# [Dataset excerpt]
┌──

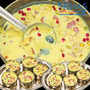 At the time of serving, add ¼ cup chopped apple, ¼ cup chopped black grapes, ¼ cup chopped green grapes, ¼ cup chikoo pieces, ¼ cup banana pieces, and ¼ cup pomegranate seeds. Mix well.
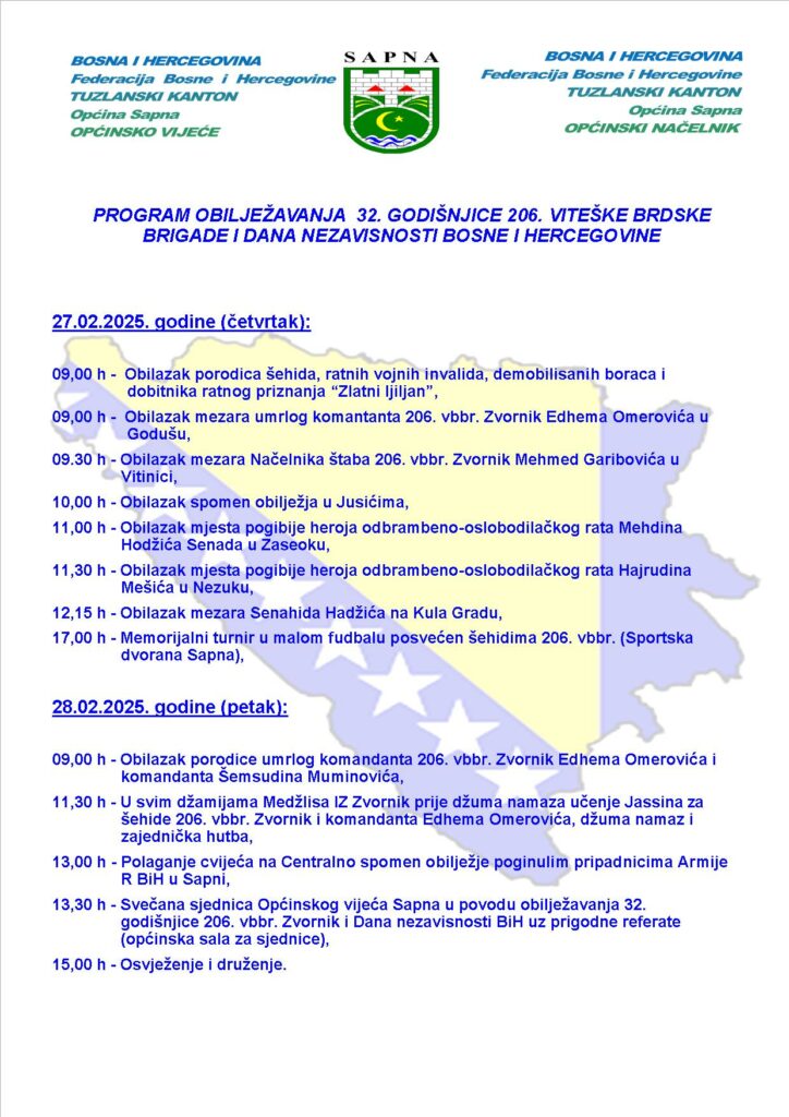 U četvrtak (27. februar) i petak (28. februar) u Sapni će biti obilježena 32. godišnjica formiranja 206. viteške brdske brigade i Dan nezavisnosti Bosne i Hercegovine.
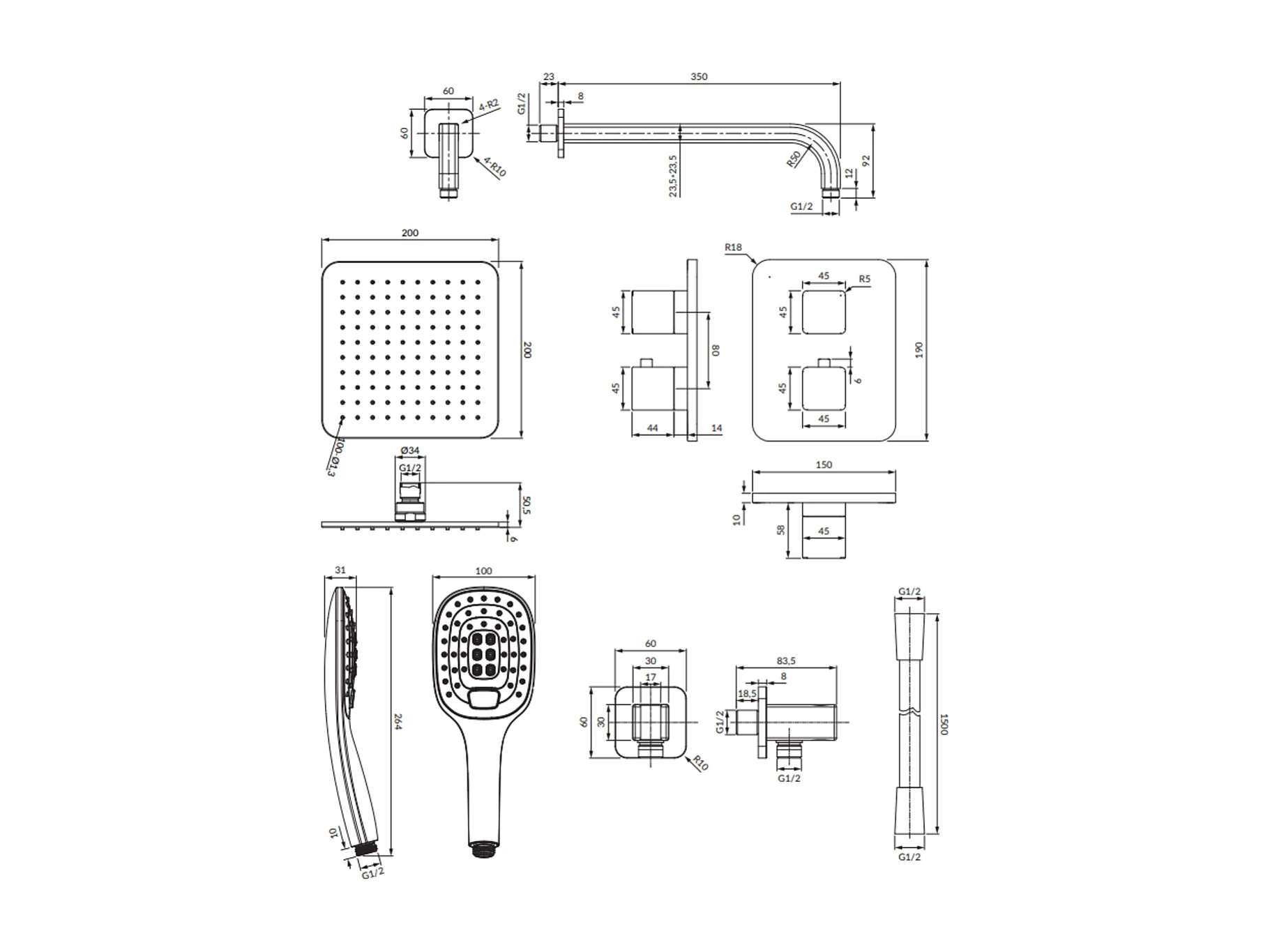 Colonne de douche thermostatique PARMA encastrable chrome/blanc
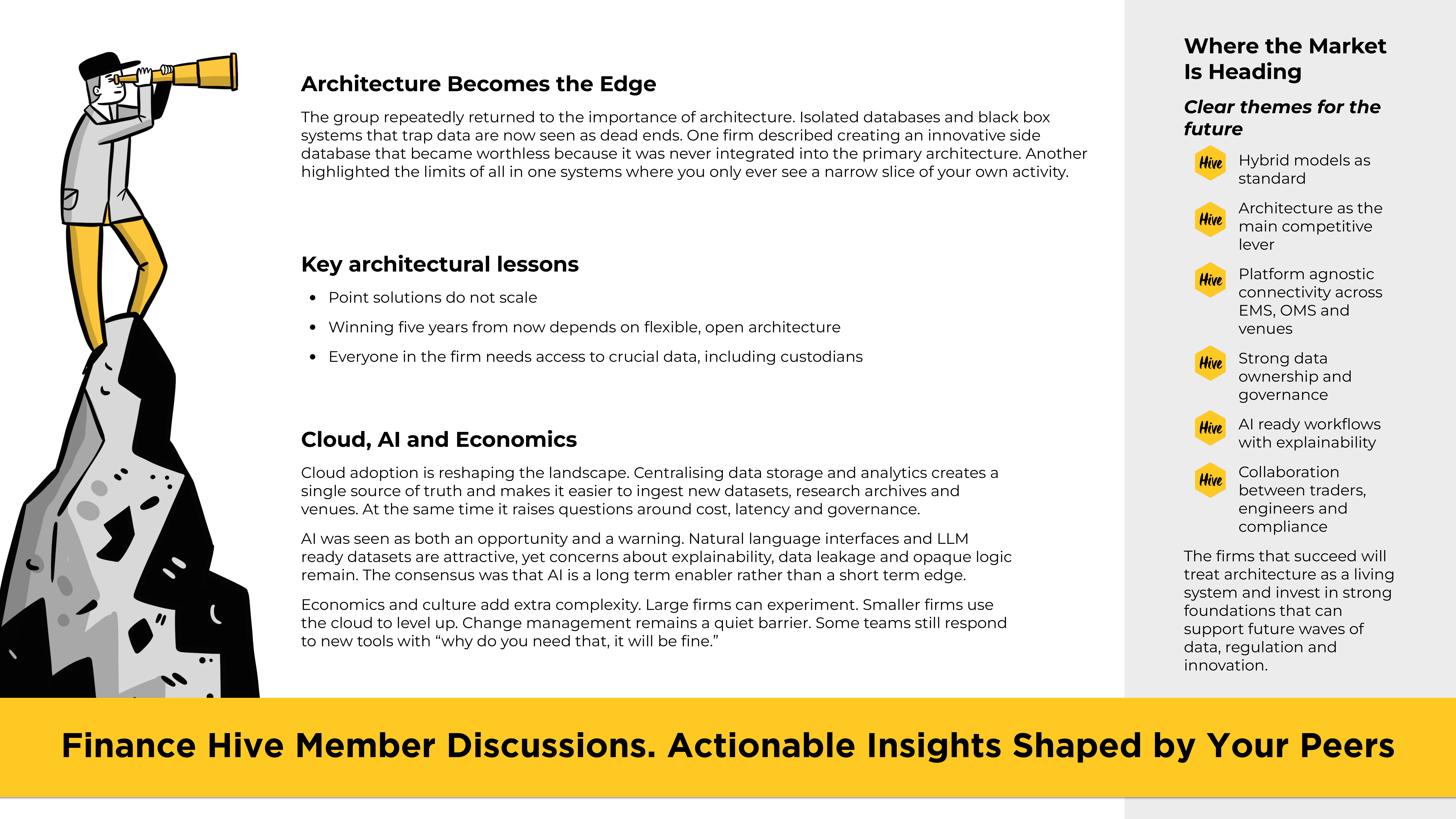 In this landscape, ‘build versus buy’ is no longer a choice to be made once. It is an ongoing discipline. The firms that succeed will treat architecture as a living system, investing in foundations that can support whatever the next wave of data, regulation, and innovation brings.

└──

# [Task]
Each line above gets copied exactly; leave the pictures out.

# [Problem solution]
 At the time of serving, add ¼ cup chopped apple, ¼ cup chopped black grapes, ¼ cup chopped green grapes, ¼ cup chikoo pieces, ¼ cup banana pieces, and ¼ cup pomegranate seeds. Mix well.
 U četvrtak (27. februar) i petak (28. februar) u Sapni će biti obilježena 32. godišnjica formiranja 206. viteške brdske brigade i Dan nezavisnosti Bosne i Hercegovine.
 Colonne de douche thermostatique PARMA encastrable chrome/blanc
 In this landscape, ‘build versus buy’ is no longer a choice to be made once. It is an ongoing discipline. The firms that succeed will treat architecture as a living system, investing in foundations that can support whatever the next wave of data, regulation, and innovation brings.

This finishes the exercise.